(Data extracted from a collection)
------------
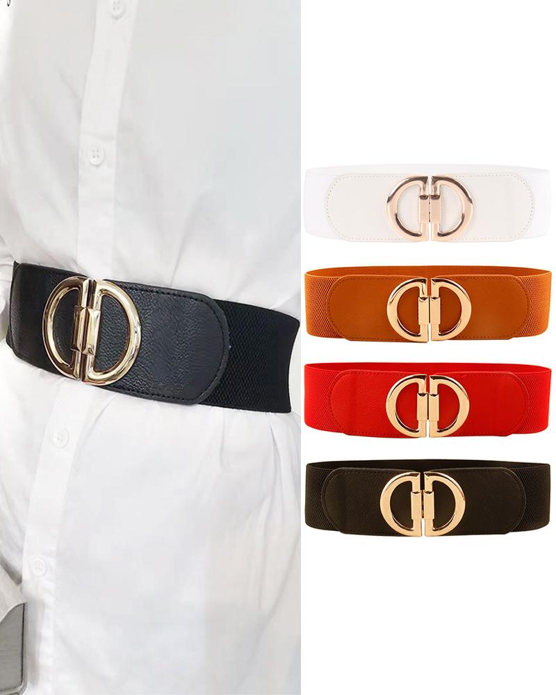 1pc Metal D-Buckle Elastic Wide Belt |
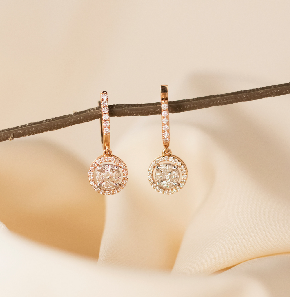 18K Gold English Lock Diamonds Cluster Earring with a Round Halo
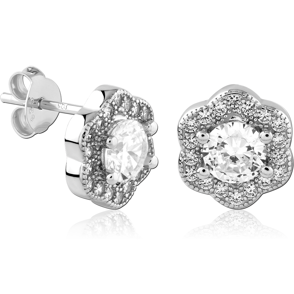STERLING SILVER 925 PLATED JEWELED EAR STUDS PAIR
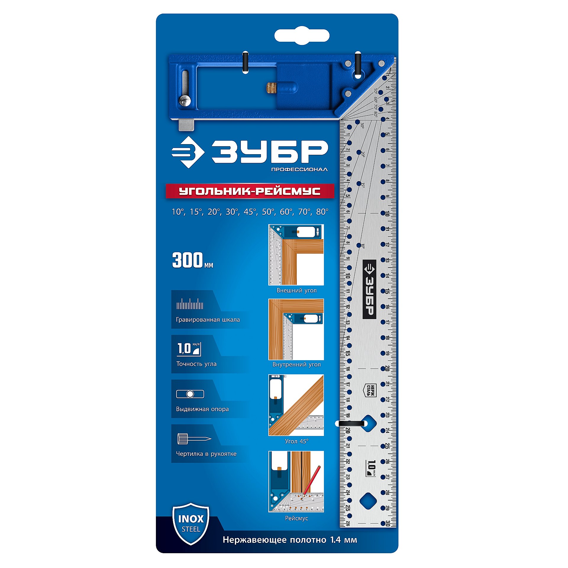 Усиленный профессиональный угольник-рейсмус с выдвижным упором. Используется для, проведения разметочных и замерочных работ. Отверстия в полотне позволяют размечать как паралельные линии с шагом 5 мм, так и дополнительные углы от 10 до 80 градусов.
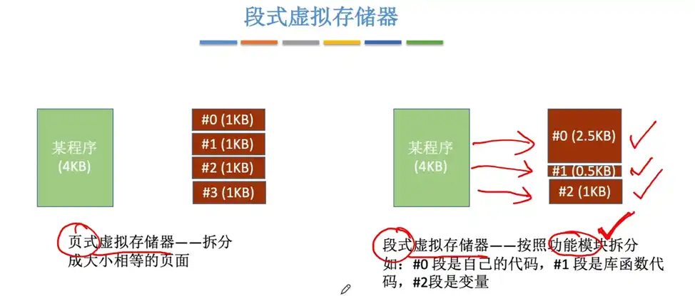 段式存储器:按照功能模块拆分,每一段大小不一样。
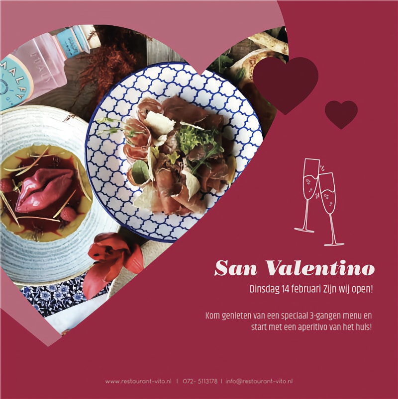 Wat is romantischer dan met je amore de liefde te vieren met een Italiaanse San Valentino? Bij Vito geniet je van een 3-gangen menu met vooraf een proeverij van verschillende Italiaanse gerechten, gevolgd door kalfsentrecote of risotto al tartufo. Als afsluiter een variëteit aan degustazione.
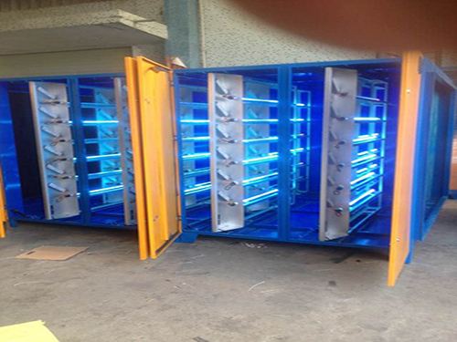 烤漆房是一种给设备表面进行喷漆染色并烘干的设备,它不但能对设备起到美观的作用,而且还能保护物品;既可以防止物体在潮湿和灰尘的恶劣环境中遭到腐蚀,喷漆可以防止金属件被侵蚀,延缓塑料件的老化;同时可以通过喷漆上色对物体达到艺术化审美的设计风格,让物体外型更美观,带来更多的商业价值和视觉美感。烤漆房**是这种专业的设施通过技术处理对物体表面进行装饰、修复的重要设备。喷漆时,外部空气经过初级过滤网过滤后由风机送到房顶,再经过顶部过滤网二次过滤净化后进入房内。房内空气采用全降式,以0.2-0.3m/s的速度向下流动,使喷漆后的漆雾微粒不能在空气中停留,而直接通过底部出风口被排出房外。这样不断地循环转换,使喷漆时房内空气清洁度达98%以上,且送入的空气具有一定的压力,可在车的四周形成一恒定的气流以去除过量的油漆,从而很好限度地保证喷漆的质量。
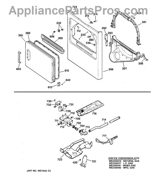 Meters gas flow to the dryer burner. Replace if damaged, clogged, or when converting between natural gas and LP. Installs at the burner assembly.
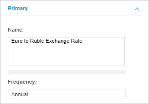 On working with a modeling container variable, the tab contains information on the variable name and calendar frequency. For example:
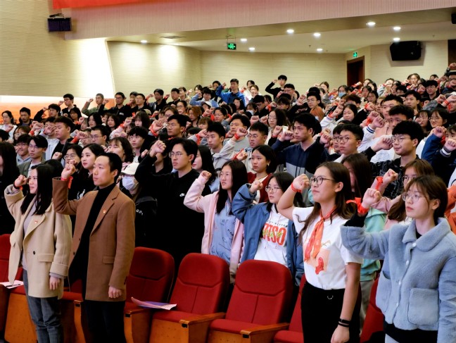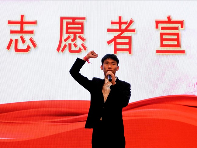 在团队分享环节,数学与信息科学学院“绑金朵梅”少数民族公益团队负责人斯求卓玛、“小桔灯”志愿者团队代表刘露露和学校“暖阳公益”代表李志蕊,分别分享了在党组织的关心关怀下,投身祖国各地开展助残、助学、助教的志愿故事。全体参会人员在学院青年志愿者协会负责人的带领下,共同宣读“志愿者誓词”。
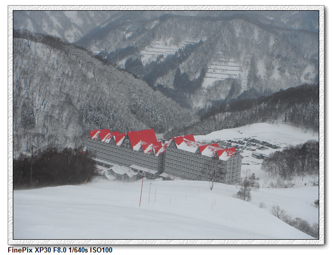 但滑回旅館前+一趟4號滑道就已經2點半了,風雪越來越大(其實是雪鞋內部是濕的,導致小羽、小羽媽手、腳冰冷),小羽一直唉唉叫,小羽媽就決定和小羽直接回旅館休息(為此,小羽還很乖地聽小羽媽話,答應要給拍照,等等) ,小羽爸則繼續在4號、5號滑道練習併腿,。
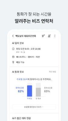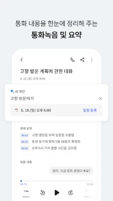 "에이닷 전화"는 당신의 생산성을 한 차원 높여줍니다. 모든 통화 내용을 자동으로 기록하고, AI가 이를 정확한 텍스트로 변환한 후 핵심 내용을 간결하게 요약해줍니다. 심지어 통화 후 필요한 업무까지 제안하여 중요한 약속이나 할 일을 잊을 염려가 없습니다. 또한, 방대한 비즈니스 정보를 실시간으로 탐색할 수 있는 비즈연락처(구 T114)는 AI 분석을 통해 해당 업체를 주로 이용하는 고객층이나 통화하기 가장 좋은 시간대까지 알려주어 더욱 현명한 소통을 가능하게 합니다. AI 추천 기능은 통화 상대방의 정보나 최근 대화 이력 등 유용한 컨텍스트를 제공하여, 매번 더 깊이 있는 대화를 나눌 수 있도록 지원합니다.
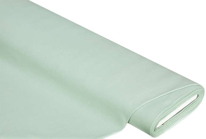 Tissu sweat de coton "basique", couleur : menthe à l'eau, légèrement extensible, largeur : 170 cm, poids : env. 240 g/m². Rétrécissement : 4-6 %. Composition : 100 % coton.
------------
PROBLEM: Please output exactly the lines of the data above, from its first line through the line with "烤漆房是一种给设备表面进行喷", and nothing else; drop the pictures.

RESULT FOR THIS TASK:
 1pc Metal D-Buckle Elastic Wide Belt |
 18K Gold English Lock Diamonds Cluster Earring with a Round Halo
STERLING SILVER 925 PLATED JEWELED EAR STUDS PAIR
 Усиленный профессиональный угольник-рейсмус с выдвижным упором. Используется для, проведения разметочных и замерочных работ. Отверстия в полотне позволяют размечать как паралельные линии с шагом 5 мм, так и дополнительные углы от 10 до 80 градусов.
 段式存储器:按照功能模块拆分,每一段大小不一样。
 Wat is romantischer dan met je amore de liefde te vieren met een Italiaanse San Valentino? Bij Vito geniet je van een 3-gangen menu met vooraf een proeverij van verschillende Italiaanse gerechten, gevolgd door kalfsentrecote of risotto al tartufo. Als afsluiter een variëteit aan degustazione.
 烤漆房是一种给设备表面进行喷漆染色并烘干的设备,它不但能对设备起到美观的作用,而且还能保护物品;既可以防止物体在潮湿和灰尘的恶劣环境中遭到腐蚀,喷漆可以防止金属件被侵蚀,延缓塑料件的老化;同时可以通过喷漆上色对物体达到艺术化审美的设计风格,让物体外型更美观,带来更多的商业价值和视觉美感。烤漆房**是这种专业的设施通过技术处理对物体表面进行装饰、修复的重要设备。喷漆时,外部空气经过初级过滤网过滤后由风机送到房顶,再经过顶部过滤网二次过滤净化后进入房内。房内空气采用全降式,以0.2-0.3m/s的速度向下流动,使喷漆后的漆雾微粒不能在空气中停留,而直接通过底部出风口被排出房外。这样不断地循环转换,使喷漆时房内空气清洁度达98%以上,且送入的空气具有一定的压力,可在车的四周形成一恒定的气流以去除过量的油漆,从而很好限度地保证喷漆的质量。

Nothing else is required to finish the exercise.